Парень помялся, потоптался на месте. Но потом расстегнул пиджак, и я увидел у него на груди, на ремешке, серебристую плоскую коробочку. Морозов снял её и передал мне. В правом углу на панели красовалась надпись: SONY, а чуть ниже: «Micro Cassette-Corder М-101». Диктофон Sony на микрокассетах. Моя мечта, в современном мире я пользовался похожим, когда записывал свои лекции.
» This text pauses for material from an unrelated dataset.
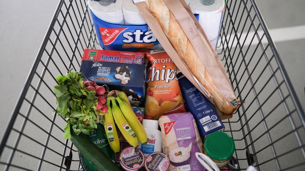 In einem Einkaufswagen liegen nach einem Einkauf Lebensmittel und Waren des täglichen Bedarfs.

Но здесь, даже в «Берёзке» таких не найти.
Я аккуратно вытащил из разъёма проводок с наушником и нажал кнопку «Старт». Размеренный чёткий голос прочитал: «Любые силы, действующие на электрически заряженные частицы, за исключением сил электростатического происхождения, называют сторонними силами.»
– Садись, Морозов. Пару я тебе ставить не буду. Но если не подготовишься к следующем уроку, я её в журнале нарисую. Рядом с твоими пятёрками. Держи свою шпаргалку, – я вручил ему диктофон.
Когда парень, понурившись, медленно доплёлся до парты и сел, я обвёл взглядом класс:
– Знаете, за я люблю физику? За то, что никто не может нарушить её законы. Даже за деньги! А если вам не нужна физика, и её законы, просто не учите её, и тогда ваша жизнь будет наполнена волшебством, чудесами и магией.
Я решил рассказать ребятам о «войне токов» между Эдисоном и Никола Тесла. Как Эдисон заграбастал себе все патенты, в том числе на электрическую лампочку. Хотя на самом деле, он её не изобретал. Как делал бизнес на устройствах постоянного тока. В Штаты приехал молодой серб, который нанялся работать к Эдисону, а тот просто-напросто надул беднягу, когда Никола Тесла починил генератор, то Эдисон не заплатил ни гроша, и Тесла пошёл копать канавы за пять долларов в час. Затем они нашли друг друга – Никола Тесла, гениальный изобретатель и Джордж Вестингауз, бизнесмен, который понимал толк в новых технологиях.
Я не был уверен, что могу рассказать также красочно и увлекательно, как это делают в передачах. Но эта история всегда захватывала меня целиком. В одной из передач ведущий вышел на балкон, под которым до горизонта во всю ширь разошлись высотки Нью-Йорка – города, который никогда не спит, как пел Фрэнк Синатра. Город, залитый ночью ослепительно ярким светом неоновых реклам и фонарей. И вдруг все погасло, все погрузилось в мрачную чернильную тьму. Таким бы Нью-Йорк стал бы, если бы Никола Тесла проиграл.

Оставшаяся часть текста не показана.